1. A method for optimizing the ride comfort of a sightseeing vehicle based on big data, characterized in that It includes the following steps: S1, Multi-dimensional data collection: Obtain the vibration acceleration data of the sightseeing vehicle through in-vehicle sensors, collect the front road surface image data through cameras, and obtain the passenger heart rate variability data through wearable devices; S2, Multi-source data fusion processing: Extract the frequency-domain features of the vibration acceleration data to obtain the vibration energy distribution spectrum, perform texture segmentation and pothole identification on the road surface image data to generate the road surface roughness matrix, and perform standardization processing on the passenger heart rate variability data to generate the somatosensory discomfort index; S3, Dynamic weight ride comfort evaluation: Input the vibration energy distribution spectrum, the road surface roughness matrix, and the somatosensory discomfort index into a preset fuzzy logic model, dynamically allocate the weights of each parameter according to the current driving scenario, and output the comprehensive ride comfort index; S4, Generation of multi-objective optimization strategy: According to the comprehensive ride comfort index, simultaneously optimize the suspension damping coefficient, the drive motor torque distribution coefficient, and the path planning priority parameters through a genetic algorithm, and generate a multi-parameter collaborative adjustment instruction set; S5, Closed-loop feedback dynamic optimization: Verify the correlation between the real-time collected passenger facial expression data and the somatosensory discomfort index, and correct the weight allocation rule of the fuzzy logic model according to the verification result.

2. The smoothness optimization method of a sightseeing vehicle based on big data according to claim 1, wherein, The S1 includes: S11, Real-time collect the vehicle vibration acceleration data through a triaxial acceleration sensor installed at the center position of the front and rear axles of the vehicle body; S12, Continuously collect the road image frame sequence within 5 meters in front through a wide-angle camera installed at the front of the vehicle head, and identify the rough road surface area using the image texture features and the edge gradient change rate; S13, collect heart rate variability data through a photoplethysmogram device worn on the passenger's wrist, and calculate the body's stress level using heart rate variability metrics Calculate the body's stress level.

3. The smoothness optimization method of a sightseeing vehicle based on big data according to claim 2, characterized in that, The S2 includes: S21, Perform a fast Fourier transform on the vibration acceleration data, and extract the frequency-domain features to obtain the vibration energy distribution spectrum; S22, Perform texture segmentation and pothole identification on the collected front road surface image data to generate the road surface roughness matrix, and the road surface roughness matrix is jointly constructed based on the image gradient and the local binary pattern texture features; S23, standardize the heart rate variability index to generate a somatic discomfort index .

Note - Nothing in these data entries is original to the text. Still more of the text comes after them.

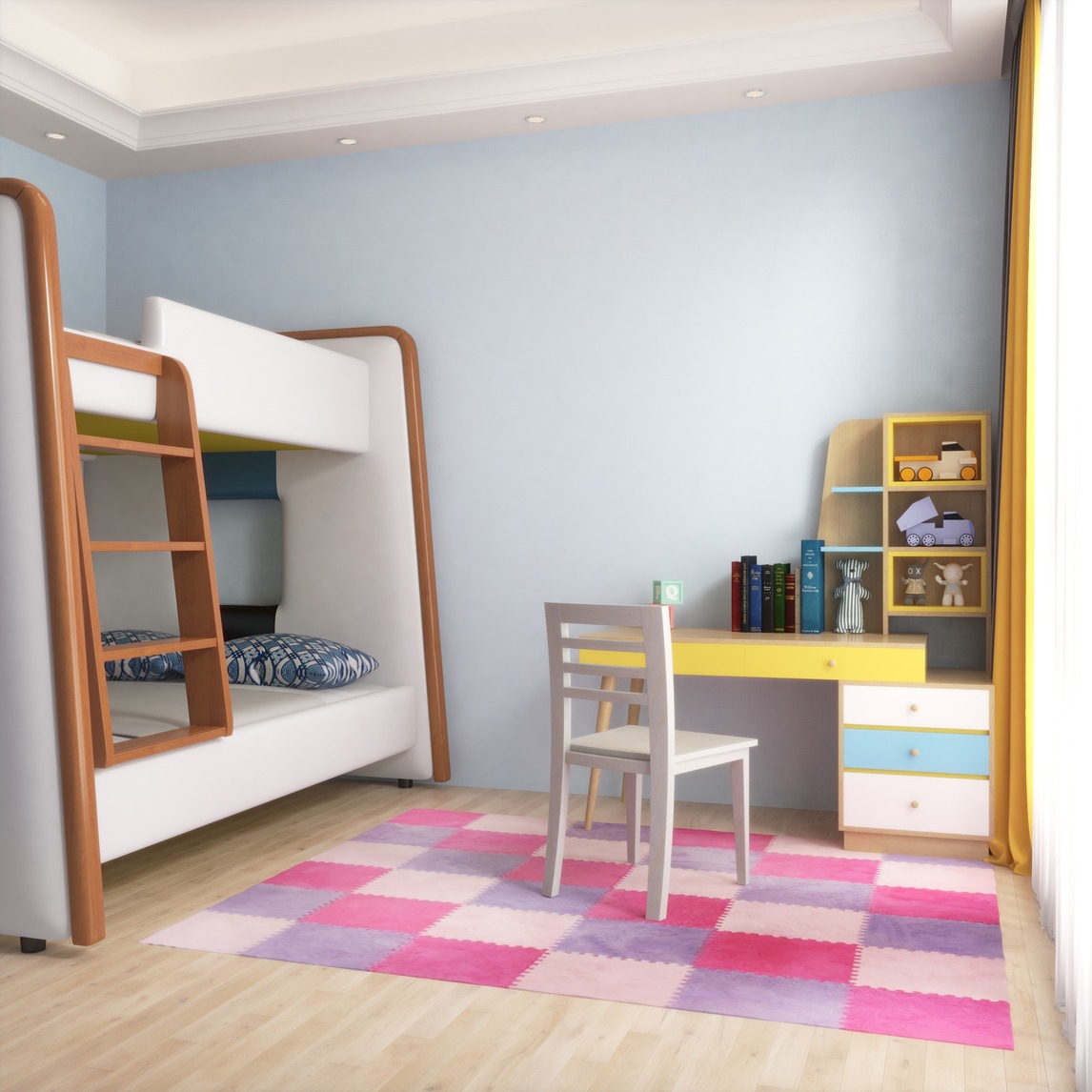 实木的上下铺设计,上铺边边带有护栏,有效地防止孩子掉落,同时,宽大的楼阶,孩子上落更加安全。粉系的地毯搭配一张活力黄的书桌,增添了孩童的乐趣感。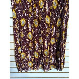 Lane Bryant Burgundy Gold Floral Dress 16 1X Pleated Flowy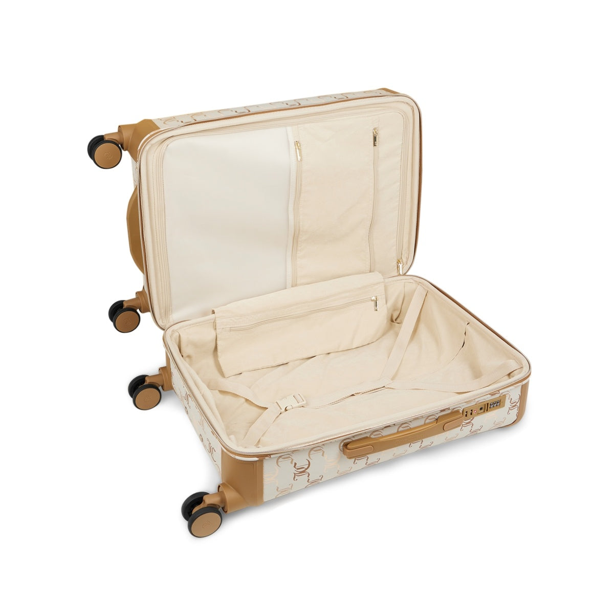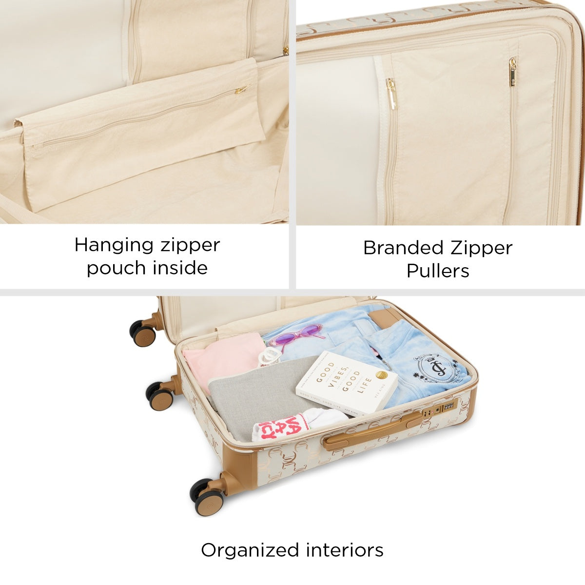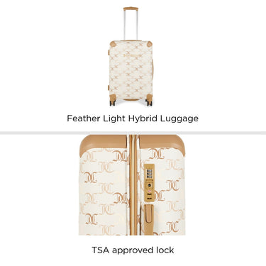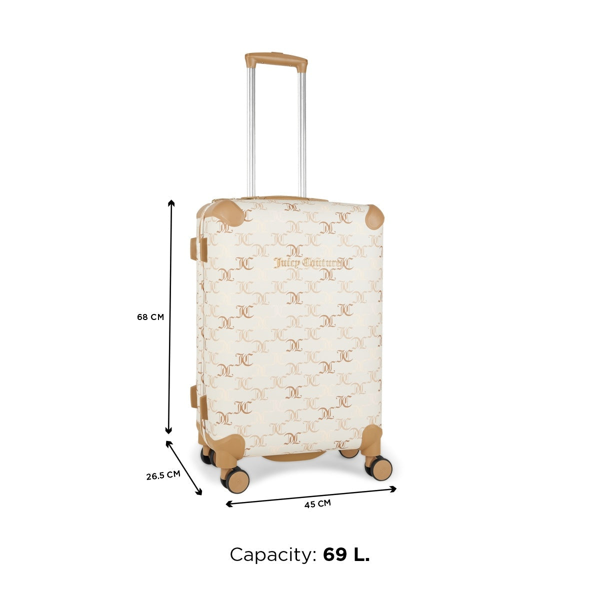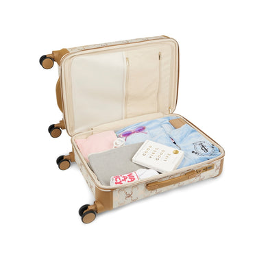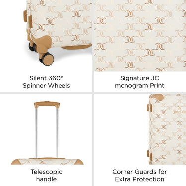 - Iconic on the Outside: Wrapped in a water-resistant polycarbonate shell with corner guards for that extra oomph, this stunner flaunts the signature JC monogram print and branded zipper pullers—because every detail deserves a little drama.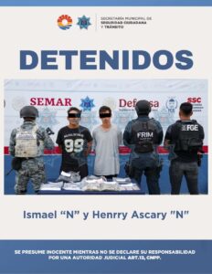 Por estos hechos, Ismael “N”, de 22 años de edad, y Henrry Ascary “N”, de 27 años, fueron detenidos y puestos a disposición de la Fiscalía General del Estado para las diligencias legales correspondientes.

4. A method for optimizing the ride comfort of a sightseeing vehicle based on big data according to claim 3, characterized in that, The S3 includes: S31, Input the vibration energy distribution spectrum, the road surface roughness matrix, and the somatosensory discomfort index into the input end of the fuzzy logic model respectively to construct a ternary input variable set; S32, Dynamically allocate the weights of each input variable according to the current driving scenario information by the fuzzy logic rule base to form a normalized weight coefficient set; S33, Calculate and output the comprehensive ride comfort index based on the allocated weight coefficients and the ternary input variables.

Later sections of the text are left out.